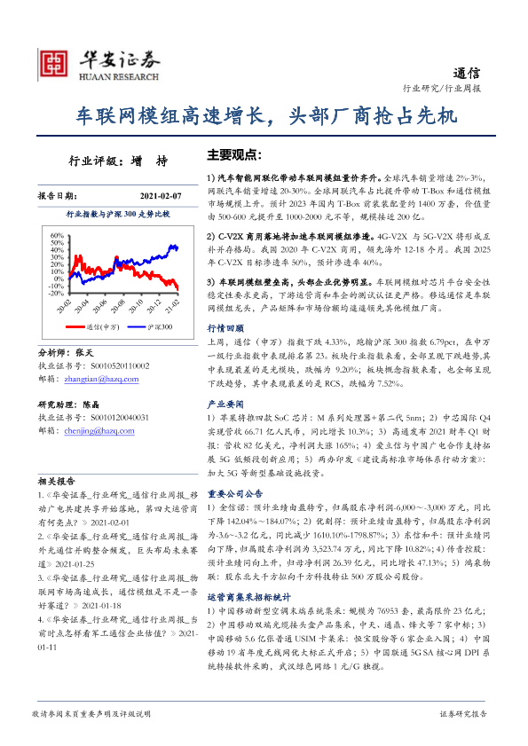 【华安证券】【20210207】通信行业周报:车联网模组高速增长,头部厂商抢占先机-19页
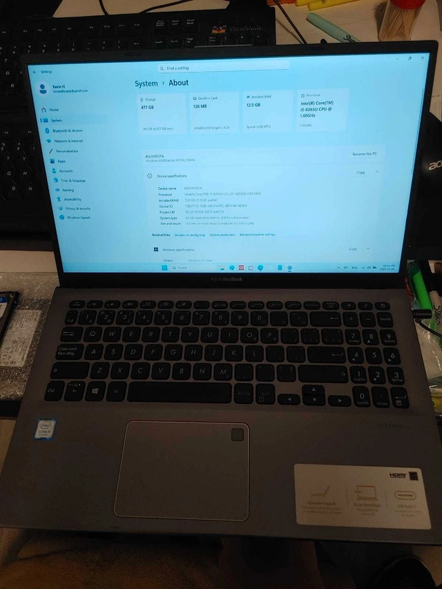 ASUS X512FA VivoBook. Processor Intel(R) Core(TM) i5-8265U CPU @ 1.60GHz 1.80 GHz, 512GB SSD - Grey, Intel UHD Graphics 620, Total Memory Slots: 2 (1 not upgradeable), Installed RAM: 12.0 GB, Windows 11 Home. Good condition. New battery. Light weight. Got too many computers, so I don't have time to use it. Sometimes can meet in 404 area. Screen Size: 15"
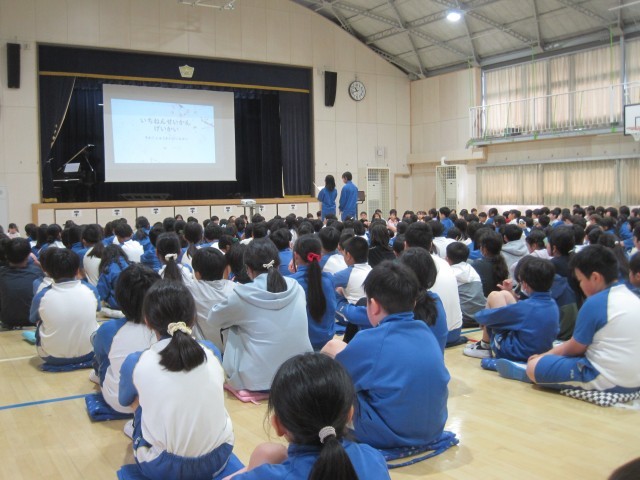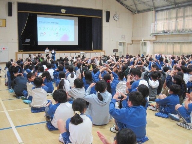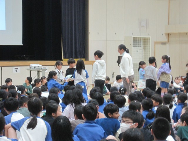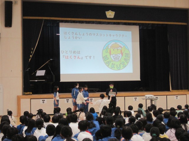 1年生を迎える会がありました。1年生は、たくさんの拍手で迎えられ、6年生と手をつないで入場しました。白山小の学校紹介やクイズをみんなで楽しんで、2年生からはアサガオの種と手作りのメダルのプレゼントをもらいました。これから、たくさんのお兄さんお姉さんとも仲良くなって楽しい学校生活を送っていきましょう。また、迎える会の準備や運営をした委員会の6年生たちの堂々とした進行がとてもすばらしかったです。いろいろな役割を担った各学年の代表の子たちもがんばりました。
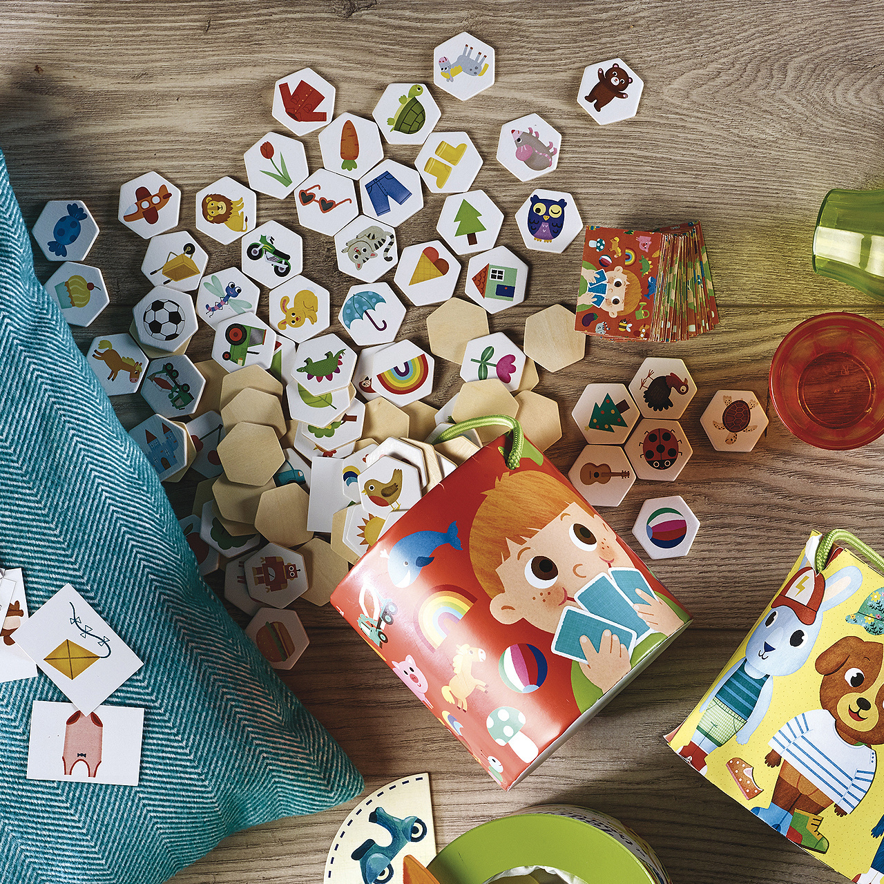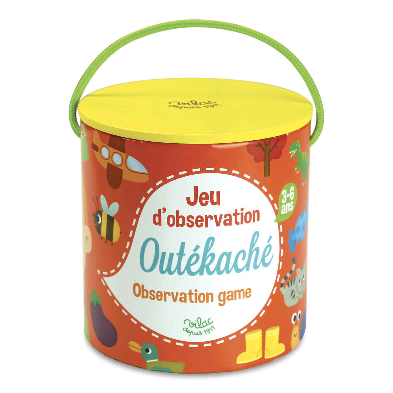 Prověřte postřeh Vašich dětí! Kdo mezi rozloženými dílky dokáže jako první najít obrázek shodný s vyobrazením na kartičce? Hráči přitom musí dát bedlivý pozor, v záplavě obrázků se totiž ukrývají i chytáky! Herní dílky jsou pevné a odolné, vyrobené ze dřeva. Dodáváno v praktickém a atraktivně dekorovaném kbelíku s dřevěným víkem.
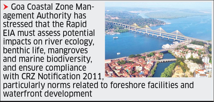 GCZMA has stressed that the Rapid EIA must assess potential impacts on river ecology, benthic life, mangroves and marine biodiversity, and ensure compliance with CRZ Notification 2011, particularly norms related to foreshore facilities and waterfront development.
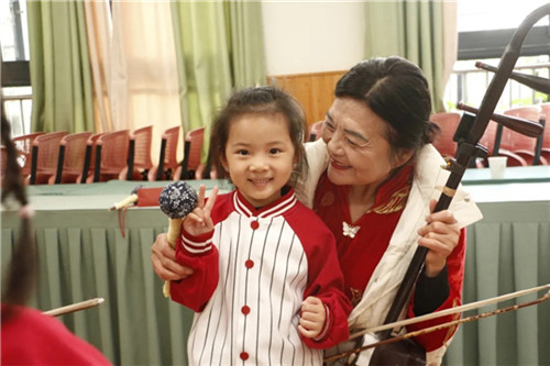 幼儿园邀请了一群特别的爷爷奶奶,他们是青白江区文化馆民乐团的36位演奏家。《花好月圆》《小星星》《歌唱祖国》,从致敬经典的金曲到点燃童真的互动旋律,再到凝聚家国情怀、幼儿童真的全场合唱,每一段乐章都是文化传承的纽带,承载着节日的温情,孩子和长辈沉浸式感受着民族音乐的魅力与传统文化的力量。
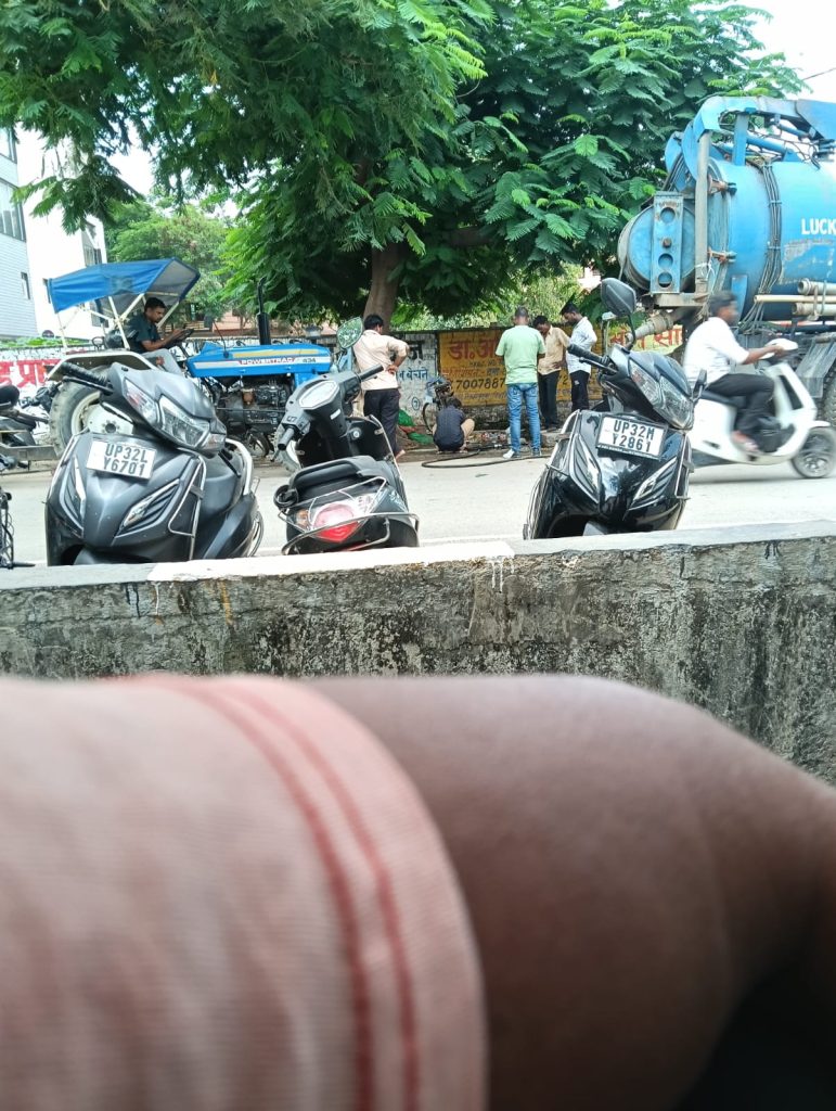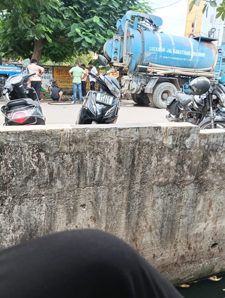 एम डी न्यूज़ चैनल रिपोर्टर प्रमोद कुमार लखनऊ से थाना विभूति खंड क्षेत्र लखनऊ से निकट रेलवे स्टेशन गोमती नगर के पास नाला के बगल बच्चन मेडिकल सेंटर के पास जो सीवर था वह पानी की वजह से बंद हो गया था आज लखनऊ जल संस्थान लखनऊ की ओर से सफाई कार्य चल रहा है जिसमें मौजूद कुछ कर्मचारी जैसे नितिन गौरव अमरीश थे
━━━━━━━━
■ ABOUT THIS TASK
The result should be a word-for-word restatement of all the data, without images.

■ RESPONSE FOR THIS EXERCISE
 【华安证券】【20210207】通信行业周报:车联网模组高速增长,头部厂商抢占先机-19页
 ASUS X512FA VivoBook. Processor Intel(R) Core(TM) i5-8265U CPU @ 1.60GHz 1.80 GHz, 512GB SSD - Grey, Intel UHD Graphics 620, Total Memory Slots: 2 (1 not upgradeable), Installed RAM: 12.0 GB, Windows 11 Home. Good condition. New battery. Light weight. Got too many computers, so I don't have time to use it. Sometimes can meet in 404 area. Screen Size: 15"
 1年生を迎える会がありました。1年生は、たくさんの拍手で迎えられ、6年生と手をつないで入場しました。白山小の学校紹介やクイズをみんなで楽しんで、2年生からはアサガオの種と手作りのメダルのプレゼントをもらいました。これから、たくさんのお兄さんお姉さんとも仲良くなって楽しい学校生活を送っていきましょう。また、迎える会の準備や運営をした委員会の6年生たちの堂々とした進行がとてもすばらしかったです。いろいろな役割を担った各学年の代表の子たちもがんばりました。
 Prověřte postřeh Vašich dětí! Kdo mezi rozloženými dílky dokáže jako první najít obrázek shodný s vyobrazením na kartičce? Hráči přitom musí dát bedlivý pozor, v záplavě obrázků se totiž ukrývají i chytáky! Herní dílky jsou pevné a odolné, vyrobené ze dřeva. Dodáváno v praktickém a atraktivně dekorovaném kbelíku s dřevěným víkem.
 GCZMA has stressed that the Rapid EIA must assess potential impacts on river ecology, benthic life, mangroves and marine biodiversity, and ensure compliance with CRZ Notification 2011, particularly norms related to foreshore facilities and waterfront development.
 幼儿园邀请了一群特别的爷爷奶奶,他们是青白江区文化馆民乐团的36位演奏家。《花好月圆》《小星星》《歌唱祖国》,从致敬经典的金曲到点燃童真的互动旋律,再到凝聚家国情怀、幼儿童真的全场合唱,每一段乐章都是文化传承的纽带,承载着节日的温情,孩子和长辈沉浸式感受着民族音乐的魅力与传统文化的力量。
 एम डी न्यूज़ चैनल रिपोर्टर प्रमोद कुमार लखनऊ से थाना विभूति खंड क्षेत्र लखनऊ से निकट रेलवे स्टेशन गोमती नगर के पास नाला के बगल बच्चन मेडिकल सेंटर के पास जो सीवर था वह पानी की वजह से बंद हो गया था आज लखनऊ जल संस्थान लखनऊ की ओर से सफाई कार्य चल रहा है जिसमें मौजूद कुछ कर्मचारी जैसे नितिन गौरव अमरीश थे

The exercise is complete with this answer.